I absolutely love mid-summer parties–there’s been enough summertime that people have started to unwind, and enough left so that nobody’s in a panic about it coming to an end. Love the lazy day feel and hanging out with friends and unplugging. We always spend the third Saturday in July with a group of foodie friends, and so much of our pre-party conversation is about the menu and who brings what–we are very big fans of eating, and we tend to linger, so it’s not just one meal we plan, but two. The kickoff to the day is the much anticipated lunch menu, and there is lots of emailing and texting back and forth to figure out what we are having and who’s bringing which dish. Of course we all would be willing to do the entree and every side dish imaginable, but we whittle it down until we reach perfection.
You may not be surprised to discover that in this group I am referred to as the Chairman. They graciously allow me to be the leader of the menu planning, and it’s a job I happen to relish—pun very much intended. For our kick-off lunch, our best recipes are resurrected, new ones are introduced, and if you are ever going to show off, this is the moment because you know you’re in a group of people who will really appreciate your effort. My friends host in their magnificent screened-in porch that allows a gentle breeze, and their beautiful collection of Jadeite plates and lovely vintage tablecloths make the entire affair feel very festive.
I discovered this dish last fall and have kept it in my hip pocket hidden away in anticipation, because a Francheesie on a super high quality bun is about as exciting as a summer food can be: it glistens with joy, fun, happiness and deliciousness. Warning: if you serve these to your guests, you may be starting a tradition that you will never be able to stop, because frankly these are good dogs.
There’s something about summer that screams grilling, and why not? —the ease of doing it all outside and keeping the mess and heat out of the house is such a draw, and it’s easy enough to put something on the grill, add a diagonally cut zucchini and grill that as well, then whip up an easy tomato salad or summer green with a simple vinaigrette, and you have a great weeknight supper. If you’re looking for tips and techniques for grilling, there is no better place to go than the Steven Raichlen book “How to Grill,”which is where I found this amazing dish of his, which includes bacon—of course we would have bacon, because who would not want to add bacon?

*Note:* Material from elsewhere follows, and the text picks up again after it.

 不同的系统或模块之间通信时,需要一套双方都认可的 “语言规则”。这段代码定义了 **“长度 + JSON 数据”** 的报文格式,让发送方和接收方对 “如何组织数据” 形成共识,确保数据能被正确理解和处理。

You will need a real hot dog in natural casing, and please get the best quality you can buy. I tend to buy mine in a butcher shop, although you can find several nice options at the grocery store. To be able to stuff adequately, you want a larger dog, sometimes called a dinner frank. (Dinner frank: that term is so 1970s, and I just love it!) Want a secret? Try this recipe the night before, so the process goes smoothly on the Fourth.
8 thick hot dogs or knockwursts
2 or 3 jalapeno peppers, sliced thinly crosswise; you made need to cut them in half to fit
4 to 5 ounces Monterey Jack, Cheddar, Munster, or Gruyere cheese, cut into shallow strips to fit in dogs
Bacon strips (thin cut, like Oscar Meyer )

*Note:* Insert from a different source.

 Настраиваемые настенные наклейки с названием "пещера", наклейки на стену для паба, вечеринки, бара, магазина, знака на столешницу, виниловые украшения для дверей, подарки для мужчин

8 brioche buns, or high quality white hot dog buns
2 T butter, melted
Mustard, ketchup, relish, and/or diced onions
Slit and stuff each dog. To fit the cheese and jalapeno, cut a divot lengthwise in each hot dog, as pictured. Stuff with peppers and cheese then wrap with bacon; tie each in three places with butcher’s string to hold in the filling.
TIP: you can do this a day ahead and store in refrigerator in plastic or tupperware
Place the hot dogs on the grill, using indirect heat—as if you are actually baking them, but using the grill; cook about 20 minutes. Transfer to a platter then snip off and discard strings.
TIP: for this dish, I use indirect heat; my gas grill is on high, then just before I put the dogs on, I turn off the half of the grill that I’m using, leaving the other side on high.
TIP: if absolutely necessary, these hot dogs can be baked in the oven at 350, but watch them carefully
Brush the inside of the buns with the melted butter and grill them for 1 minute. Serve the “hot” dogs with toppings of choice.